One source of introduction of bullfrogs into parts of the country where they are not native is through the development of bullfrog farms. The big frogs, which can be up to eight inches in body length and a foot long with legs extended, are one source of frog legs, which some people consider a delicacy. Hence the reason for bullfrog farming. In the long run, bullfrog farming is generally an unprofitable venture.

As the Missouri Department of Conservation states in a document on pond management, "Successful frog farming is definitely more myth than reality." The Missouri message was for would-be bullfrog farmers. But commercial frog farming is not a self-sustaining occupation anywhere in the world. When sources of commercial frog legs sold to restaurants and grocery stores are carefully checked, the majority are found to be from captures of wild frogs. Nonetheless, bullfrog farming has been attempted in areas outside of the bullfrog's natural range, resulting in the dispersal of individuals into the surrounding habitats.

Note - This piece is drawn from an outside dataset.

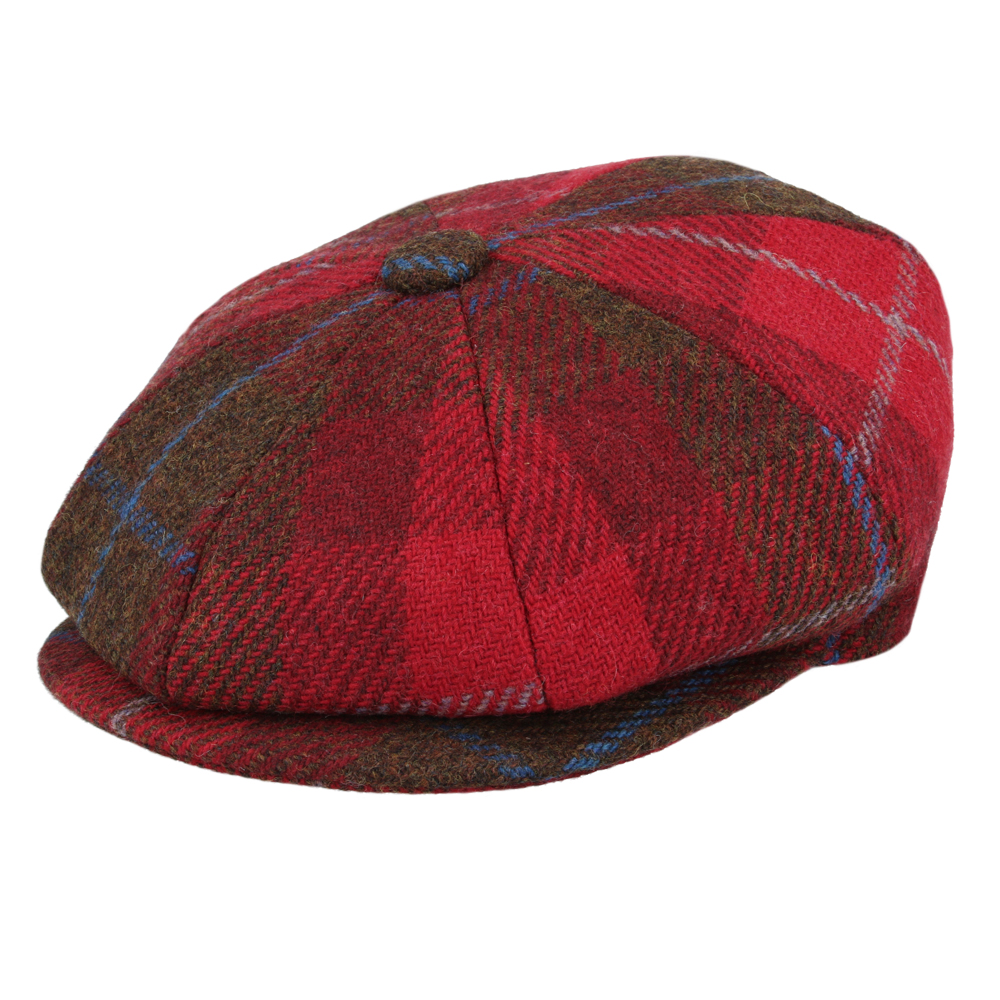 Tartan Tweed Wool 8 Panels Newsboy Cap – Red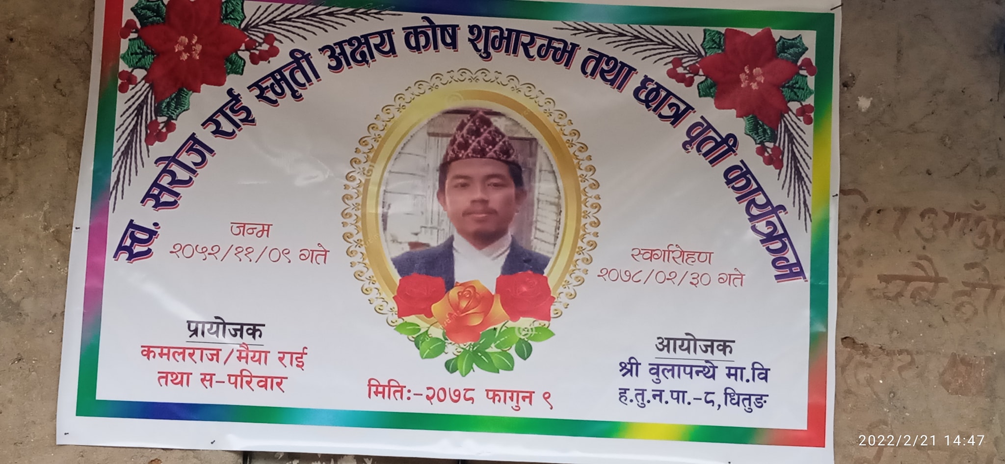 अक्षय कोष स्थापना गर्दै स्वर्गीय राईका वुबा कमलराज राई र दाई दुर्गमणि राईले १ लाख ११ हजार १ सय ११ रुपैयाँ विद्यालयलाई आज हस्तान्त्रण गर्नुभएको नेपाली कांग्रेस धितुङका वडा सभापति टेकराज राईले जानकारी दिनुभयो । कोष स्थापनासँगै विद्यालयका केहि विद्यार्थीलाई आजै छात्रवृत्ति पनि प्रदान गरिएको उहाँको भनाई छ ।

Bullfrogs are prolific breeders when any water is available, with females laying more than 20,000 eggs at a time. In contrast to many other frogs, the tadpoles of bullfrogs are typically resistant to predation by most fish, so that large numbers of juveniles are produced successfully from a single mating. One pair of introduced bullfrogs is capable of creating an enormous population of an invasive predator for which native species have no defenses.

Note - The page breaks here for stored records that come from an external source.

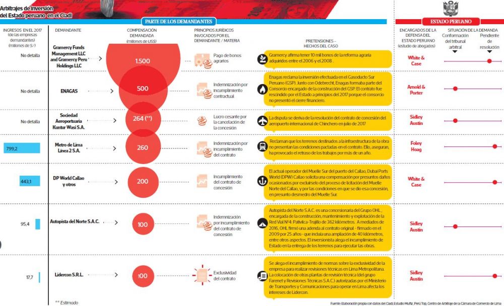 El Estado peruano enfrenta demandas de empresas privadas ante el Centro Internacional de Arreglo de Diferencias Relativas a Inversiones (CIADI) por unos US$1.500 millones, sin contar los US$1.500 millones exigidos por un fondo acreedor de bonos agrarios, un caso histórico que aún no encuentra cauce. Y sin incluir tampoco los litigios potenciales, en proceso de presentación y evaluación, que sumarían no menos de US$1.500 millones.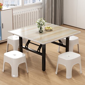 白色椅子现代矮桌吃饭长方形折叠茶几餐桌两用餐桌椅麻...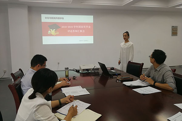 本网讯(通讯员:彭洪磊)9月29日,文化与新闻传播公司2018-2019学年国家奖学金评选汇报答辩会在207会议室召开。文化与新闻传播公司副经理朱向群、经理助理王鹏以及主管秘书担任评审,参加此次答辩的有2016级、2017级、2018级各专业15名本科生。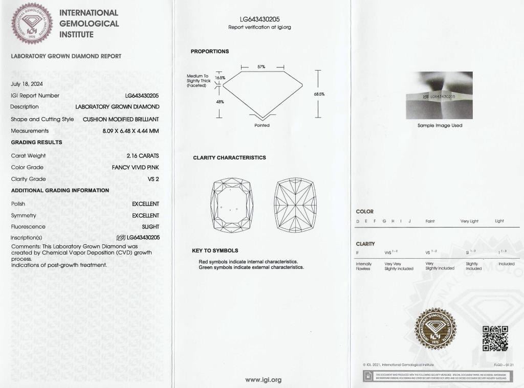 with full I.G.I report set in 14 karat white gold setting. Compare to an Extremely Rare Natural Earth 2.00 carat Pink Diamond over $1,000,000.00 and BLUE NILE Lab Grown Pink 2.00 carat Diamond approx. $5,000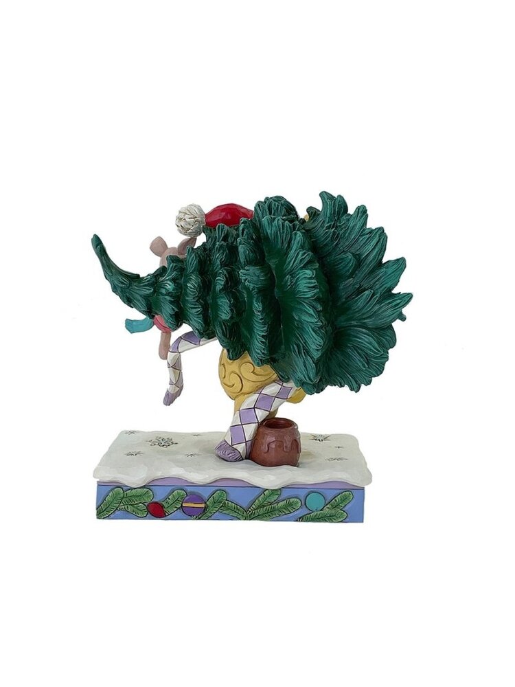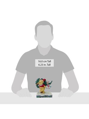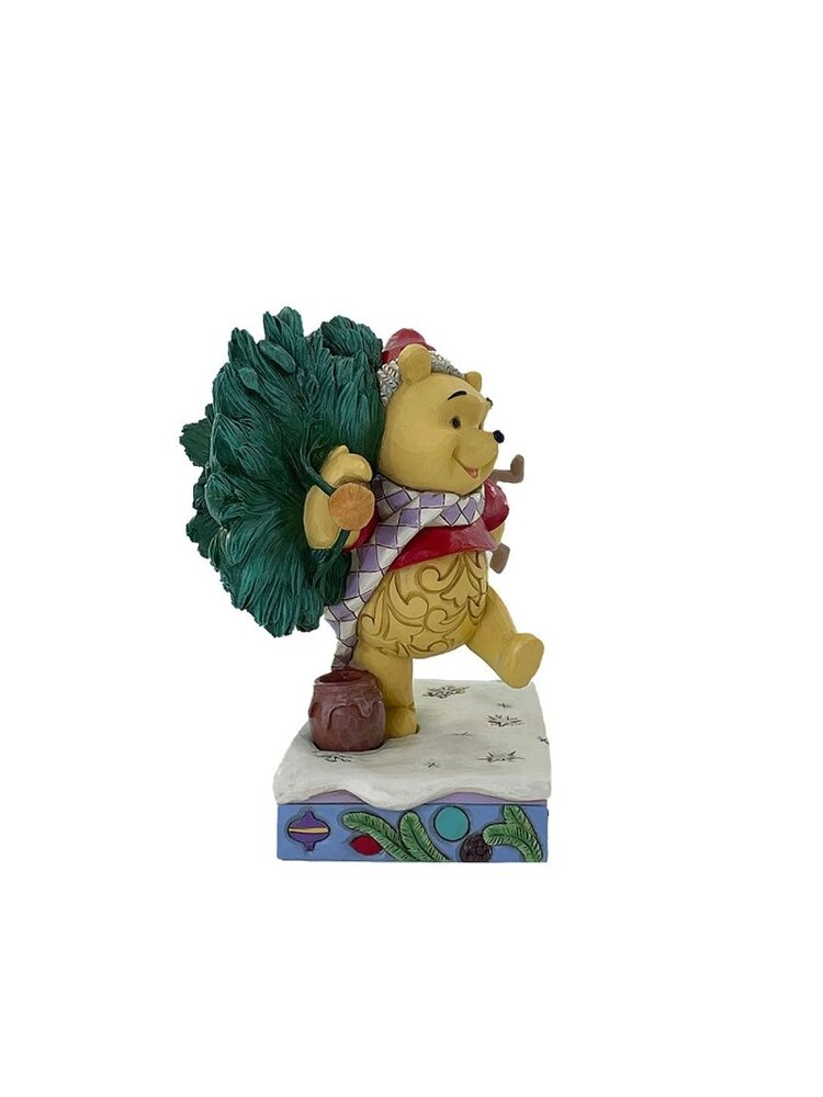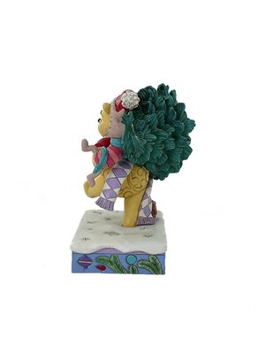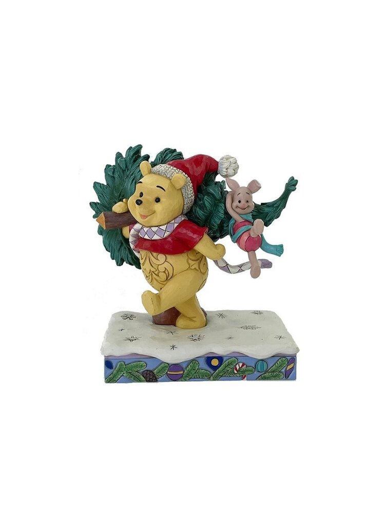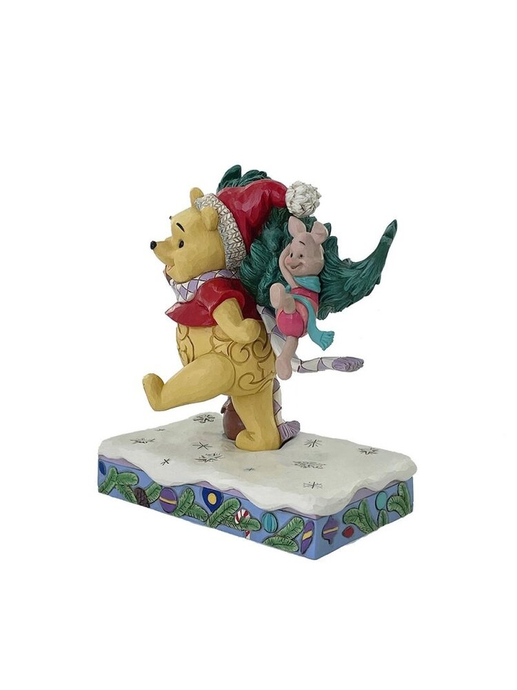 In this delightful Jim Shore scene, Winnie the Pooh sports intricate rosemaling and a Santa hat adorned with holly as he joyfully carries home a Christmas tree with Piglet in tow. They march through the snow on a festive stage of ornaments.

The introduction of bullfrogs into states outside their native range and even into other countries can be an ecological disaster. In California the problem is perceived by some citizens and elected officials to be serious enough to warrant controls that will limit the introduction of bullfrog eggs, tadpoles, juveniles, and adults into the state. The intent is to prevent this invasive species from occupying natural ecosystems in a manner that will have a negative impact on native species. It is always unfortunate when legal roadblocks must be used that limit the free transport, sale, or even ownership of a wild species. But even more unfortunate are the consequences of the improper introduction of a species in places where it does not belong.